Sussex Psychology in the media: May 2019

May was a really productive month for the School of Psychology in terms of media coverage, from local publications to interviews on international tv channels.

“We are drawn towards equality” – Jo Cutler told The i. The newspaper asked Jo about altruism and what moves people to donate, in relation to MacKenzie Bezos’ announcement that she would give half her multi-billion dollar divorce settlement to charity. Jo Cutler is a PhD student in the Social Decision Lab, where she studies the neuroscience of charitable giving, altruism and decision making under the supervision of Dr Daniel Campbell-Meiklejohn. Jo also researches how our brains process good and bad news, which was mentioned in the May issue of Brighton’s Viva Magazine.

Why do we love some animals, but loathe others? Emeritus Professor Graham Davies says that disgust is a learned emotion, probably transmitted socially, culturally and within families. Graham’s research into phobias received international coverage in May, including the Manila Times, the Inquirer and Yahoo News.

“Koala” by abigella is licensed under CC BY-NC-ND 2.0

Dr Sophie Forster explained why parents believe their babies have the most delicious smell in the world in The Phoenix Newspaper and Bounce Magazine. Sophie was asked to comment on the scientific evidence of the new market research by eco-cleaning brand Ecover that showed that 70 per cent of respondents preferred their baby’s natural fragrance to their favourite perfume or aftershave.

Research carried out by Prof Anna Franklin’s Baby Lab inspired a theatre play for babies aged 6 – 18 months called Kaleidoscope, which was performed at the Northern Stage in Newcastle Upon Tyne on 18 May. And Alice Skelton, who researches infant colour perception and colour categorisation in Prof Anna Franklin’s Colour Lab, spoke with The Daily Telegraph about how brands like McDonald’s use bold primary colours to influence consumers.

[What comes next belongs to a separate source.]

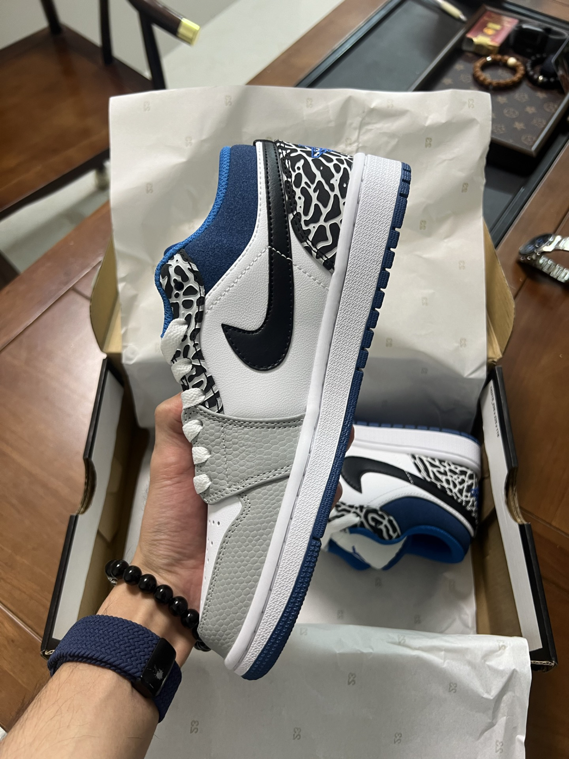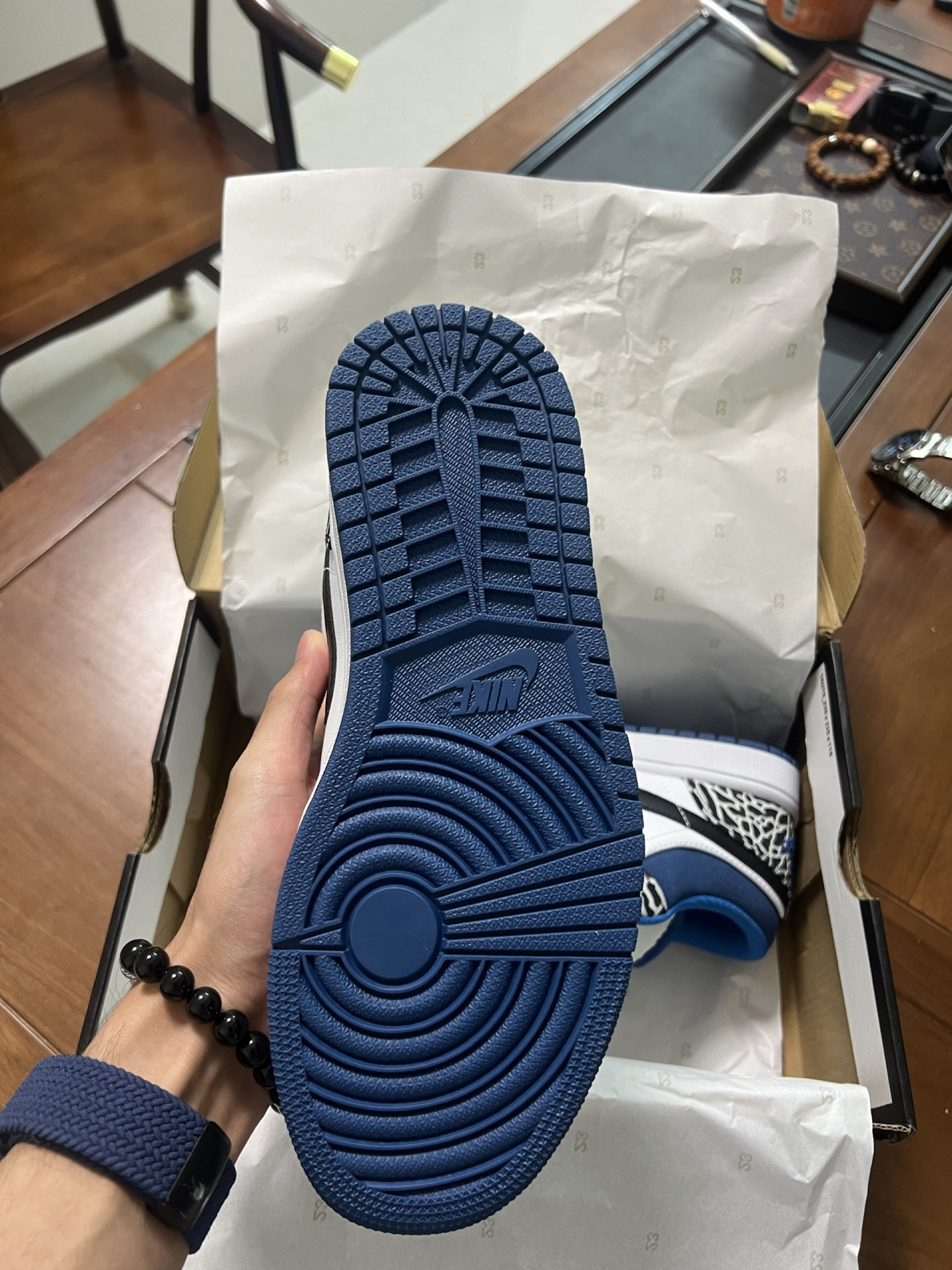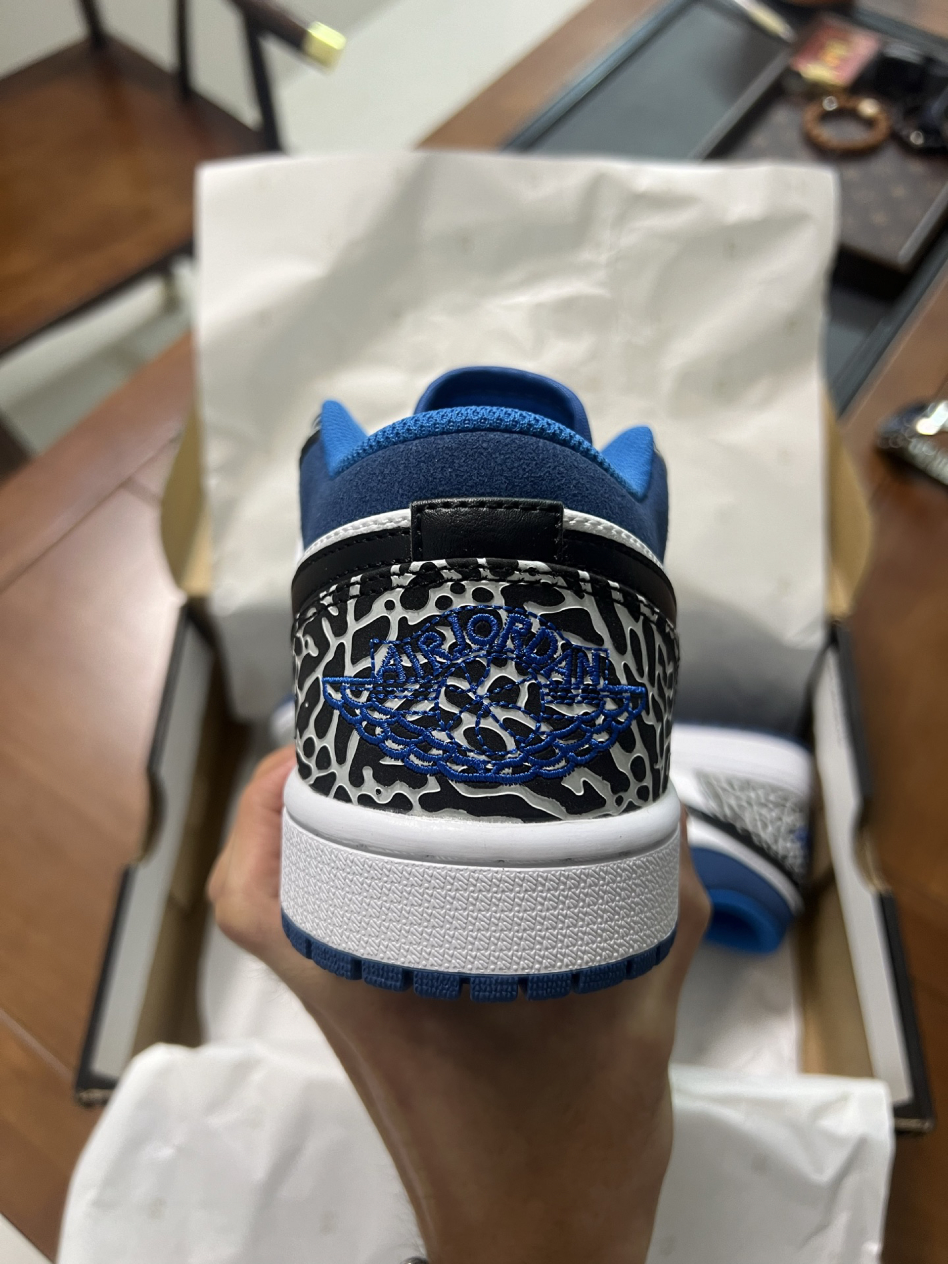 新入的Air Jordan 1白蓝编织纹款,鞋身的纹理设计超有细节,上脚颜值和脚感都在线,百元价位里的宝藏AJ1没错了~

Amidst the controversy of the cancellation of the Jeremy Kyle show, the New Scientist published an article on the accuracy of lie detectors. Polygraph machines have long been discredited as reliable lie detectors, and professionals use alternative methods focusing on behavioural and linguistic cues. The article mentions an experiment carried by Prof Tom Ormerod (who is stepping down as Head of School in August), and Dr Carol Dando (from the University of Westminster), where they asked 200 people to pose as passengers and lie at airport security. Officers looking for behavioural signs detected less than 5 per cent, whereas those agents using Ormerod and Dando’s interviewing method identified 60 per cent of the lying passengers. You can read more about the experiment in their research paper: “Finding a needle in a haystack: towards a psychological informed method for aviation security screening.”

Dr Darya Gaysina’s study into the link between anxiety, depression and Alzheimers was included in a feature in Turkey’s Daily Sabah. You can read more about Darya’s research in the post on Psychology in the Media from March 2019.

Prof John Drury was interviewed live on air by Kay Burley on Sky News on 7 May to explain why passengers stopped to collect their luggage when escaping from a burning plane in Russia. In the five minute interview, he explained that public transport operators need to rethink how they instruct people in emergency situations, to address them as a group with responsibility to others and not as a collection of individuals. His research into crowd behaviour was also quoted in this thoughtful blog, How a crowd crush occurs (and 10 tips to survive one) published on Scroll.in and originally written for The Conversation.

Prof Drury was also interviewed by Indus News in Pakistan regarding the increasing number of lynching incidents against minorities in South East Asia. John challenged the term ‘mob mentality’ and the idea that people become more emotional and irrational in crowds, which leads them to do things that they would not do on their own. Rather, John explained, being in a group empowers individuals to enact beliefs that they already had as they feel supported by other like-minded people.